D’ailleurs, qui sont-ils ? C'est un point important de l'intrigue que Frankie vit dans la riche exurbie de Metro-North, entouré et étouffé par la blancheur. Le chœur a cependant été soigneusement sélectionné pour une diversité maximale. Les camarades de classe de Frankie se promènent dans Vineyard Vines, tandis que l'ensemble représente toute la cage d'escalier gothique duNotoriétéLycée des Arts du Spectacle. Chaque fois qu'ils se présentaient pour chanter la dernière panne de Mary Jane, je pensais,Je suppose qu'il y avait unLoueraudition au centre commercial Westchester. Et leur présence fait ressortir les pires pulsions de l'équipe. Il est juste et compréhensible d'envisager la violence armée dans une pièce contemporaine sur les adolescents, mais Paulus et Cody font l'impossible : ils rendent le moment absurde. Pendant « All I Really Want », ils font allonger toute la troupe pendant quelques secondes après les paroles « Here, can you handle this ? », tandis que les écrans montrent l’image d’un massacre dans un lycée. C'est ça. À ce stade, le spectacle s'est transformé enSamedi soir en directsketch sur un étudiant écritVitrine du club de théâtre. Nous essayons de vous fairepense, les parents et les professeurs.Ou tu ne peux pas le gérer ?
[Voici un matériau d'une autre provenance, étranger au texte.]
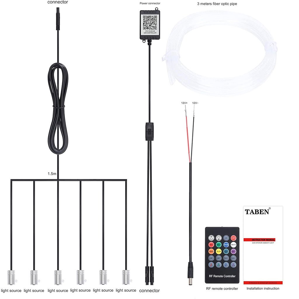- ★ 【Télécommande RVB + Contrôle APP 64 couleurs Fibre optique Intérieur de la voiture Lumière ambiante】 La connexion Bluetooth vous permet de jouer avec 16 millions de couleurs, de définir le mode de plusieurs scènes via l’application “Lotus Lantern”. D’autres fonctions comme le clignotement, le réglage de la minuterie, la synchronisation de la musique sont prêtes à être explorées. Allumez la lumière en appuyant sur l’allume-cigare, éteignez l’interrupteur lorsque la lumière n’est pas utilisée.

Alors d'accord, cet effort particulier est ridicule, mais au moins c'est un indice de quelque chose qui pourrait encore l'être. Morissette est un sacré musicien, et Cody écrit constamment sur les femmes qui doivent subir une intervention chirurgicale sur le terrain sur leur propre psychisme. Ils pourraient encore faire une super comédie musicale ensemble. (Alanis avait déjà fait deux albums avantPetite pilule déchiquetée; votre premier effort n'est généralement pas le meilleur.) Et si vous avez tellement faim d'Alanis que vous ne pouvez pas attendre sa prochaine tournée avec Liz Phair, cela en vaut peut-être la peine. Certes, le directeur musical Bryan Perri et le concepteur sonore Jonathan Deans ont monté le volume suffisamment haut pour que le public réagisse comme s'il s'agissait d'un concert. J'ai entendu un petit chant et les gens se sont levés au dernier cri de guitare. Nos corps tremblaient, nos oreilles étaient douloureuses...ah,Pensai-je en prenant note d'écouter un album d'Ani DiFranco sur le chemin du retour – jeune à nouveau.
Petite pilule déchiquetéeest au Théâtre Broadhurst.